Petit Gand en Turquie: la migration invente une nouvelle philanthropie
C’est bien connu: l’envoi d’argent par-delà les frontières fait partie de la réalité migratoire. Mais, contrairement au stéréotype, cette aide financière ne se limite pas à la famille restée au pays; elle soutient aussi des projets sociaux. Depuis le début du XXIe siècle, la philanthropie diasporique en Europe a pris un nouveau tournant, portée par des «femmes à l’héroïsme discret» et des «citoyens doubles».
Connaissez-vous le village de Klein Gent ? Il ne se trouve pas sur les rives de la Lys, mais sur un plateau rocheux et aride, à quelques dizaines de kilomètres de la frontière turco-syrienne. Entièrement composé de conteneurs, ce village abrite aussi une école, une bibliothèque et même une chillroom. Ce sont toutefois les noms de ses rues qui frappent le plus les habitants par leur caractère exotique: Sleepstraat, Wondelgemstraat, Bevrijdingslaan… Autant d’appellations que Klein Gent doit à sa ville-mère flamande, Gand, où la communauté turque a pris l’initiative, à la suite du séisme de 2023, d’orchestrer une vaste campagne de solidarité.
Singulièrement, l’un des moteurs de cette mobilisation était l’asbl Burgerplicht, une association engagée en faveur d’une société gantoise plus inclusive. Mettre sur pied, ici en Belgique, des projets visant à favoriser l’émancipation des minorités et construire, là-bas en Turquie, des villages d’urgence pour des personnes sans abri: ces deux engagements peuvent sembler contradictoires. Klein Gent est pourtant loin d’être un cas isolé. Au contraire, il illustre clairement la nouvelle orientation prise aujourd’hui par la philanthropie diasporique en Europe.
Des membres de Burgerplicht Jongeren en visite à Klein Gent en octobre 2024. Ce village d’urgence, situé à la frontière turco-syrienne, est un projet phare de la nouvelle orientation prise par la philanthropie diasporique en Europe. © Burgerplicht
L’argent du migrant
Pour saisir ce qui se joue ici, il nous faut évoquer les liens profonds qui unissent migration et philanthropie. Lorsque des personnes s’installent ailleurs, elles n’y retrouvent que rarement les mêmes conditions que dans leur pays d’origine. Parfois, celles-ci sont meilleures; bien souvent, elles sont pires. Ce déséquilibre est à l’origine de nombreux flux financiers transnationaux: non seulement la philanthropie, mais aussi le commerce, l’action caritative, l’aide au développement et même de simples transactions domestiques. À ce déséquilibre s’ajoute le fait que les systèmes de solidarité délimitent, par définition, un groupe interne, au sein duquel s’opère la redistribution et dont les migrants sont généralement exclus, tant dans le pays d’origine que dans celui d’accueil.
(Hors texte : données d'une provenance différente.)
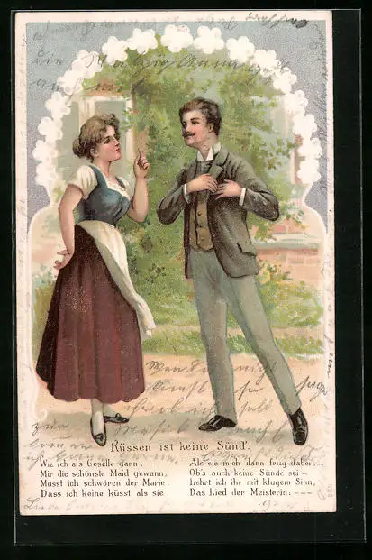 Präge-AK Verse: Küssen ist keine Sünd', Frau ermahnt Ihren Geliebten
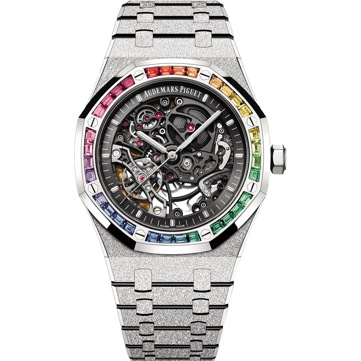This 41 mm timepiece in shades of grey, ranging from the white Frosted gold case and bracelet to the slate grey openworked movement, is enriched with a rainbow bezel set with baguette-cut multicoloured gemstones.
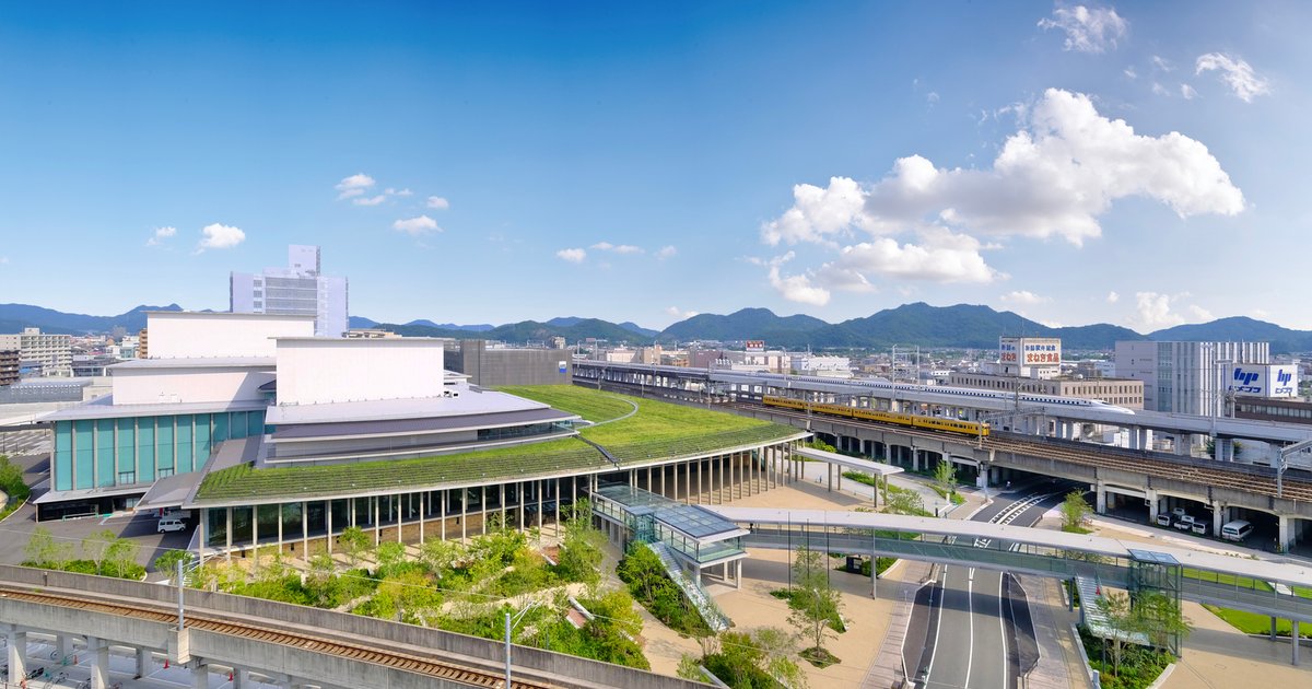 The facility features flexible exhibition halls, conference rooms, and performance spaces. Its 4,000 m² exhibition hall, with 10-meter ceilings and movable partitions, adapts for trade fairs, lectures, and events, connecting seamlessly with the adjacent outdoor park. The fourth-floor conference rooms overlook rooftop greenery and a courtyard, visually linking users with the surrounding cityscape and even Shinkansen bullet trains passing nearby, fostering a sense of urban connectivity.
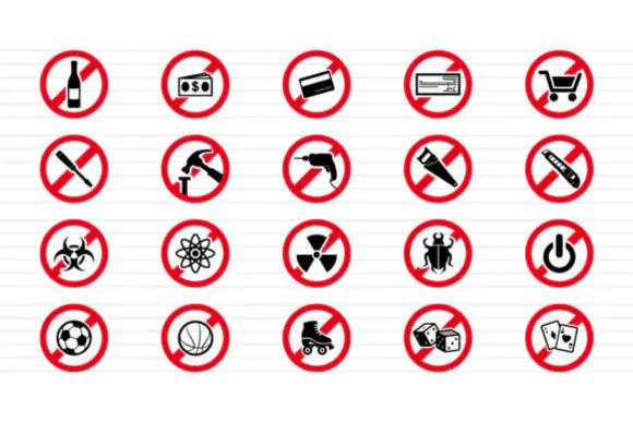 These forbidden signs icons are a practical and versatile design resource for anyone who needs scalable, editable, and ready-to-use prohibition symbols for professional visual communication.
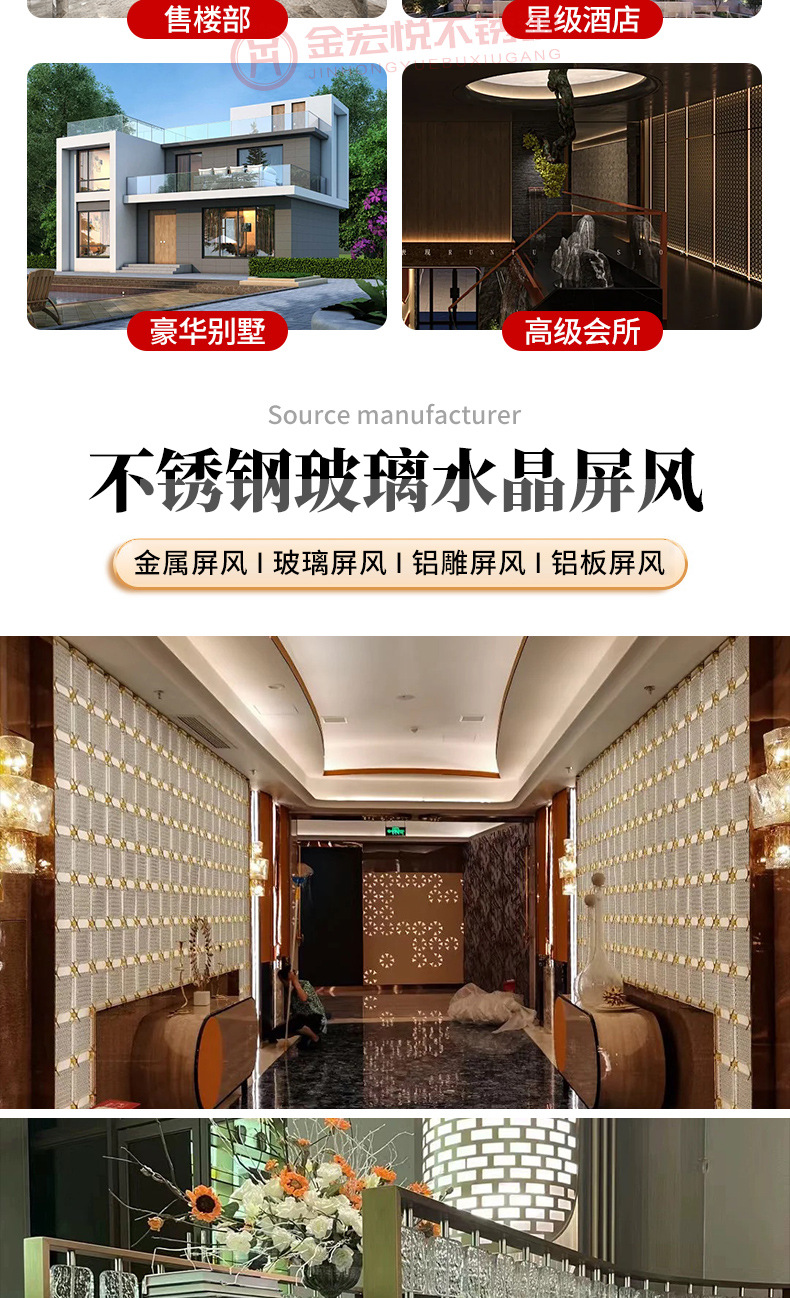 Легкая роскошная перегородка из нержавеющей стали и стекла для гостиниц
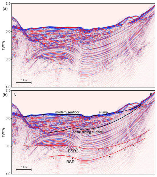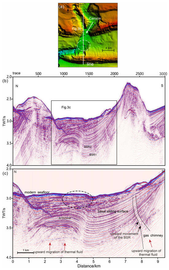The entire fullstack seismic profile used to model the double BSR is shown in Figure 3b. The region exhibits east–west ridges and north–south canyons along the continental slope. The numerous amphitheater-shaped head scarps along the incision west of the canyon indicate that a mega-slump caused the long N–S-oriented straight depression with a “blind” northern end. The seismic profile passes through the intersection of the sediment channels, highlighted by the white dashed circle in Figure 3a.
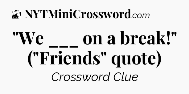 “”We ___ on a break!” (“Friends” quote)” Daily Themed Classic Crossword Clue: Frequently Asked Questions
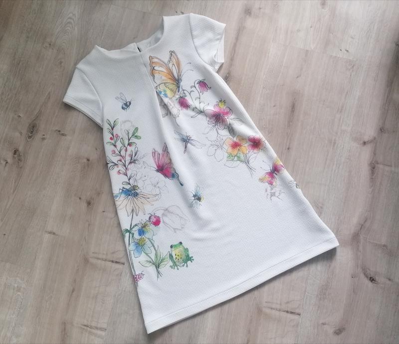 Фактурное нарядное платье от Next. А-силует. Очень нежная и праздничная. Ткань плотная, но не парка, ребенку в ней не жарко. Состояние: идеальный Цвет: белый с цветочным принтом Материал: 96% полиэстер, 4% эластан Размер: 7 лет, 122 Замеры: Длина по спинке 66 см Ширина плечей 30 см Длина рукава 9 см НОГ 34 см НОТ 37 см Ширина по низу 46 см Покупкой будете очень довольны!!
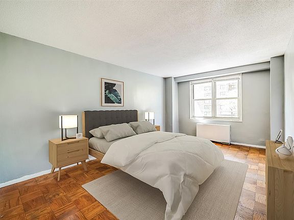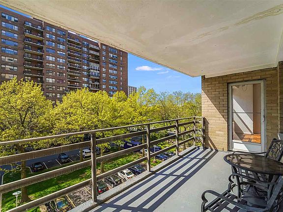 Freshly painted over sized one bedroom with terrace in the desirable, full service, St Johns Condominium Complex. Featuring parquet wood flooring throughout, tons of closet space and large windows welcoming in fantastic sunlight. Just a couple blocks to the Journal Square PATH Station, the condo is situated in a gated community with a 24-hour doorman, elevator building, pool, gym, laundry and community room on site. Heat, Hot Water, Central AC are included in the monthly maintenance fee. Off-site parking is available for $95 / month. Unit is vacant. Virtually staged. Physical showings can be arranged for this residence, please contact agent.
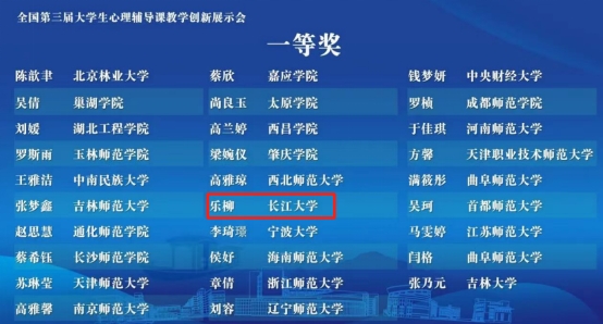 据悉,本届全国老员工心理辅导课教学创新展示会由教育部高等公司心理学类专业教学指导委员会、中国心理学会主办,浙江师范大学、华东师范大学、桐乡市教育局承办。比赛分初赛和决赛两个阶段,共有156所院校的288个作品参加初赛,其中99所院校的144名选手入围决赛。决赛分现场说课和现场授课两个阶段进行,乐柳以扎实的理论基础、过硬的专业技能和良好的精神风貌,在激烈的竞争中脱颖而出,荣获一等奖。
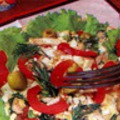 4 копченые куриные ножки 150-200 г брынзы 4 болгарских перца 1 яйцо 0,5 банки маслин 2 больших пучка салата немного майонеза Порезать мясо курицы длинными полосками, покрошить сваренное вкрутую яйцо. Добавить болгарский перец разных цветов, нарезанный полосками. Затем добавить брынзу, нарезанную мелкими кубиками, половинки маслин и порезанный листовой салат. Перед подачей на стол заправить небольшим количеством майонеза, учитывая, что из-за брынзы в салате образуется сок. Маслины в салате можно заменить оливками. Солить салат не нужно.
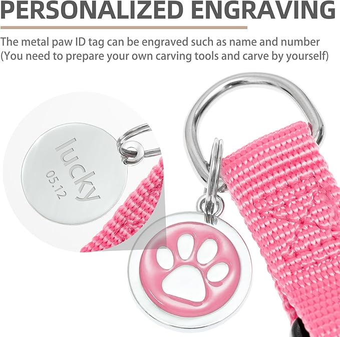 - [Cute ID Tag for DIY] - Each harness is equipped with a metal ID tag, and the front is a cute paw pattern, while on the back, you can engrave whatever you want, such as the dog's name and so on. It does not corrode as easily as wooden labels and is durable. You can also remove it when washing the harness.

Additionnez ces deux éléments, et vous obtenez la philanthropie, qui peut adopter mille formes différentes.
Si la philanthropie traverse l’histoire des migrations comme un fil rouge, elle s’y faufile aussi, telle une anguille, en se déployant dans toutes les directions: des collectes de fonds organisées par les sociétés d’accueil –comme l’aide d’urgence britannique aux réfugiés belges durant la Première Guerre mondiale– aux opérations philanthropiques menées en faveur des émigrants, telle l’American Colonization Society, qui, au XIXe siècle, a secondé les Afro-Américains dans la construction du Libéria. Il existe bien sûr aussi une philanthropie émanant des groupes migrants eux-mêmes, que l’on désigne sous le terme de «philanthropie diasporique». Celle-ci vise parfois le pays d’origine, comme dans le cas des Balikbayan qui, à partir des années 1970, ont contribué à remettre l’économie des Philippines sur les rails. Mais tout aussi souvent, elle s’exerce dans le pays d’arrivée, à l’image de l’organisation irlandaise Ancient Order of Hibernians ou de l’hôpital juif Montefiore à New York. Sans oublier le code Romano Zakono, qui encourageait les Roms semi-nomades à s’entraider financièrement en période de persécutions.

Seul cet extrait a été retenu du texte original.